Abstract: An investigation of the behavior of clay systems in drilling fluids was begun in 1958 to determine the cause of gelation in lime-treated muds with increased temperatures incurred during drilling operations. Mud systems were evaluated by physical property measurements, cation exchange data, X-ray diffraction analysis, and electron microscopy before and after hydrothermal treatment. Selected samples were rerun after two years' storage at laboratory temperatures.
High-temperature gelation of lime-caustic muds is caused by the synthesis of calcium silicate hydrates, hereafter referred to as CSH, in general and tobermorite (XCaO, SiO2, H2O) specifically. These materials are considered the principal cementing agents of Portland cement. Spheroidal poorly crystallized tobermorite was produced from interlayered illite-montmorillonite muds. Laths and needles of crystalline tobermorite (11.3–11.6 Å type) were synthesized from the pure montmorillonite systems. Zeolite minerals were synthesized concurrently and were the dominant alteration product when Ca(OH)2 was not added to the system.

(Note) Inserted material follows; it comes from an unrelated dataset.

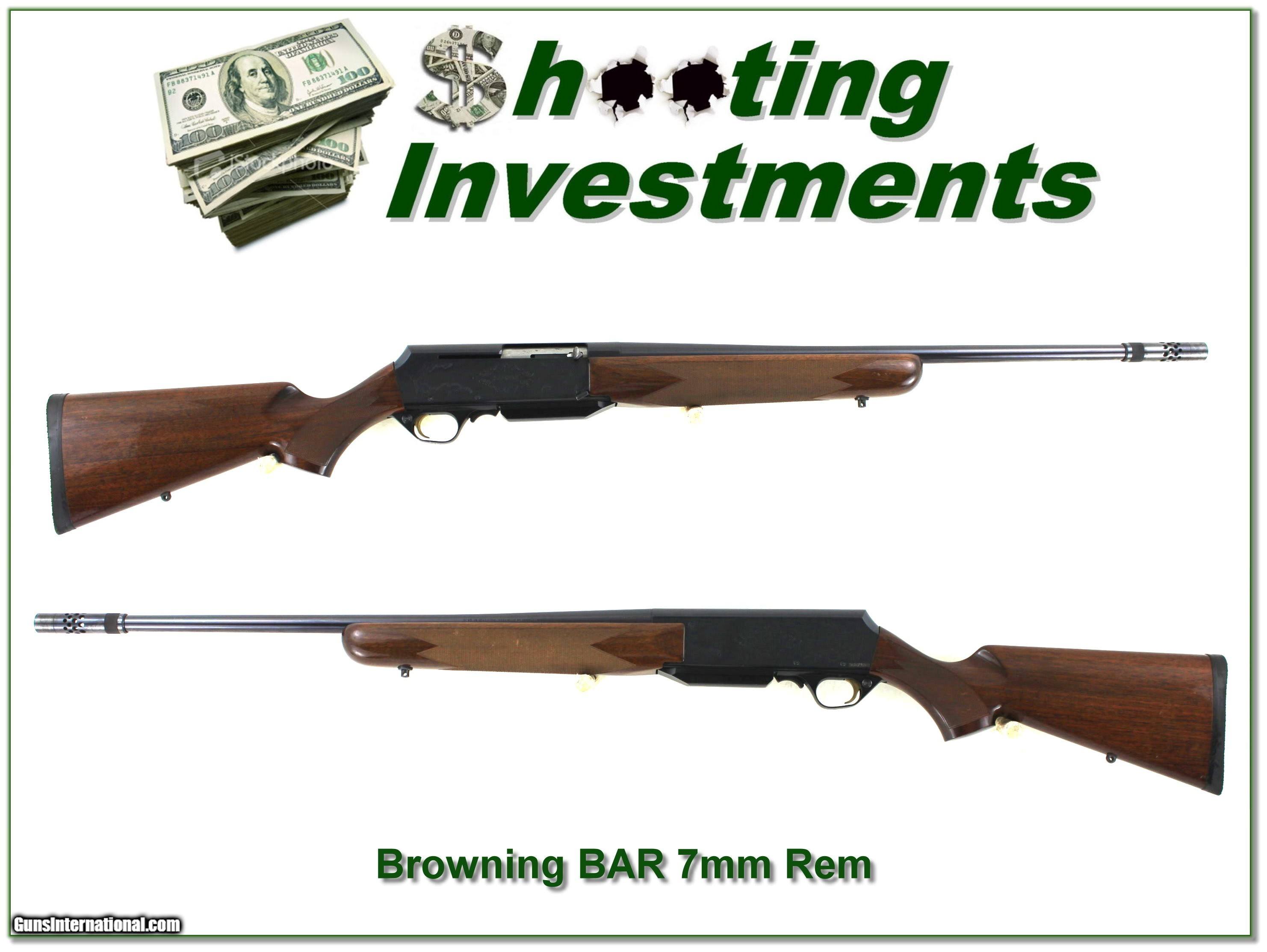 Description: This is a very nice Browning BAR Safari II in the flat-shooting 7mm Remington Magnum. It has the no longer offered BOSS that can be tuned for accuracy, and it reduces recoil to more like a 30-06. It is also Suppressor Ready! I find minor marks from use. It will make a classic big game hunting gun! Shipping and insurance is $49. Please email me with any questions or larger pictures. (Consign your quality firearms with Shooting Investments for only 12%! Let me know if you have any you would like to sell!) 25-0387 Payment: Payment is by Money Order, Cashier’s Check or Personal Check. I can now also accept Credit Cards (MasterCard, Visa, Discover & American Express) with a 3% convenience fee. Shipping: The shipping charge will be listed in each description. It is $49 for most firearms. Some heavy guns or those insured for over $2000 will be higher. Shipments to Alaska and Hawaii are higher because air shipment is required. Most firearms are shipped on Tuesday and Thursday and usually in 5 days of receipt of payment. We package all shipments carefully and insure them. Optics are shipped Priority Mail and most other non-firearm shipments are shipped First Class. Returns: Our return policy is simple. If for any reason you are not pleased with your purchase, you may return your item for a full refund of purchase price. Ammunition cannot be returned. It is important to us that you are happy. Guns cannot be fired or dissembled before returning them and they must be returned in the same condition as received. Notification of a return must occur within 3 days of receipt at your dealer. Shipping, convenience and dealer fees are not refundable and are the responsibility of the buyer. Lay-a-way: If needed, we offer a 60 day lay-a-way option on most firearms. It is 1/3 now, 1/3 in 30 days and 1/3 in 60 days. Lay-a-way firearm sales are final and cannot be returned. If a lay-a-way is not completed the first payment cannot be refunded. Consigning your firearms with Shooting Investments: We will help you get top dollar for your firearms. While most local guns shops charge 20% or more, our fee is only 12% with a minimum of $100. At your local gun shop it might take months to sell. Selling on-line provides instant access to thousands of interested buyers. You won’t find any other on-line dealer willing to sell your firearms for only 12% or listing every gun on 3 separate s. Selling through an House typically costs the seller 15% and the buyer an addition 15% (so 30%) and you have to wait several months to sell and longer to receive funds. If properly priced, we will sell your firearms within a few weeks. Send us an email or give us a call and we’ll explain how easy it is for you to get top dollar. Trading: Trading for us is really just buying your gun to re-sell. If you have a gun you want to trade, please email a picture and we will let you know what we can give for it. You will always get more if we sell it for you on consignment. SOLD |

Synthesized aged (2 years) mud systems were studied after 8 weeks of dialysis with distilled water. Corundum was observed in samples where tobermorite formed, and was the dominant insoluble residue after HCl treatment. Much sharper diffraction maxima were obtained of the CSH compounds after dialysis or glycerine washing.
“Al-chlorite,” “Al-vermiculite,” and “Al-micas” were synthesized when treatments included aluminum ions. The products formed were of varying stabilities after washing with distilled water and HCl. Glycerol expanded the montmorillonite which had not reacted, but no expansion from the 10 Å or 14 Å d(001) spacing of the new product occurrred.